That’s precisely how our method works. We leverage Singular Value Decomposition (SVD)—a powerful mathematical tool that decomposes matrices into simpler, interpretable parts—to identify which parts of the model’s internal “marble” (parameters) can safely be updated, and which parts encode critical knowledge that must be preserved.

Why SVD? An Intuition

Neural network parameters, particularly in large language models (LLMs), often contain substantial redundancy. Recent research confirms that many directions (combinations of parameters) within these networks don’t meaningfully impact the model’s performance—they essentially represent unused capacity or “noise” (Sharma et al., 2023, Hartford et al., 2024). SVD lets us mathematically identify these unused directions by decomposing a weight matrix ($\mathbf{W}$) into simpler components:

\[\mathbf{W} = \mathbf{U} \Sigma \mathbf{V}^\top\]

Here:

  • $\mathbf{U}$ and $\mathbf{V}$ represent sets of orthogonal directions (vectors).
  • $\Sigma$ is a diagonal matrix containing singular values that tell us how important each direction is. Large singular values indicate important directions (“high-rank”) that encode critical knowledge, while small singular values indicate less important, redundant directions (“low-rank”).
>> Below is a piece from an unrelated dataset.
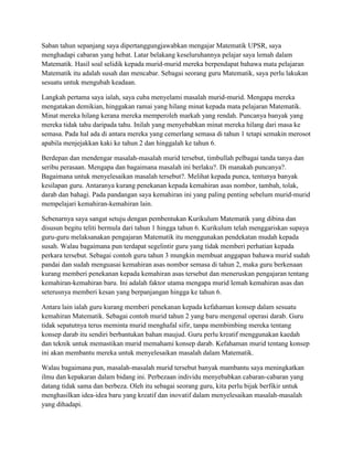 Guru Matematik UPSR ini menghadapi cabaran mengajar murid-murid yang lemah dalam mata pelajaran tersebut. Beliau menyelidik masalah ini dan mendapati kebanyakan murid tidak memahami asas-asas nombor kerana guru sebelumnya tidak memberi tumpuan yang cukup. Guru ini berusaha memperbaiki keadaan dengan menekankan pemahaman konsep asas secara kreatif. Beliau juga ingin berkongsi pengalaman dan strateg

By clearly identifying these directions, we can “sculpt” our parameter updates strategically:

  • High-rank directions (large singular values): Preserve these, since they’re crucial for retaining previously learned tasks.
  • Low-rank directions (small singular values): Safely update these directions to learn new tasks, since they don’t significantly impact previous knowledge.

This intuitive approach elegantly balances knowledge retention (stability) with flexibility for learning new information (plasticity)—exactly what’s needed for continual learning.
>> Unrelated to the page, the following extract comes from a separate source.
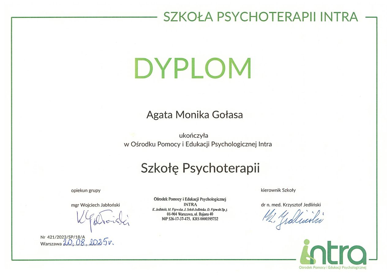 Mam za sobą już kilka spotkań i przyznam, że nie spodziewałam się, że przy pierwszym podejściu do psychoterapii trafię tak dobrze. Pani Agata jest ciepłą i empatyczną osobą. Już po pierwszych spotkaniach poczułam ulgę i nabrałam wiary że dalsza praca pomoże uporać mi się z moimi problemami.

Under the Hood: How Adaptive SVD Enables Continual Learning

Now, let’s dive a little deeper into how exactly our adaptive SVD method works, step-by-step:

1. Dynamically Identifying High- and Low-Rank Subspaces

For each task, we first perform a quick Singular Value Decomposition (SVD) on each weight matrix in our model (for example, attention and feedforward layers in LLaMA-2):

\[\mathbf{W}^{(l)} = \mathbf{U}^{(l)} \Sigma^{(l)} (\mathbf{V}^{(l)})^\top\]

We sort singular values in descending order. This separates directions into two intuitive categories:

  • High-rank subspace: Directions with large singular values, encoding critical knowledge from prior tasks.
  • Low-rank subspace: Directions with small singular values, representing unused model capacity or redundant parameters.

2. Determining Layer Importance through Input–Output Similarity

But not all layers are created equal. Some layers predominantly pass information through the model, while others significantly transform it. Inspired by AdaSVD, we calculate the importance of each layer dynamically by measuring how much a layer transforms its input to output activations:

\[I^{(l)} = \frac{1}{N} \sum_{i=1}^{N} \text{cosine_similarity}\bigl(\mathbf{X}_i^{(l)}, \mathbf{Y}_i^{(l)}\bigr)\]
  • If inputs and outputs are highly similar, this layer mostly preserves information and thus should retain more singular vectors.
  • If they’re dissimilar, it may indicate that the layer squashes input in certain directions effectively making it low-rank, so these directions can be repurposed for learning new tasks.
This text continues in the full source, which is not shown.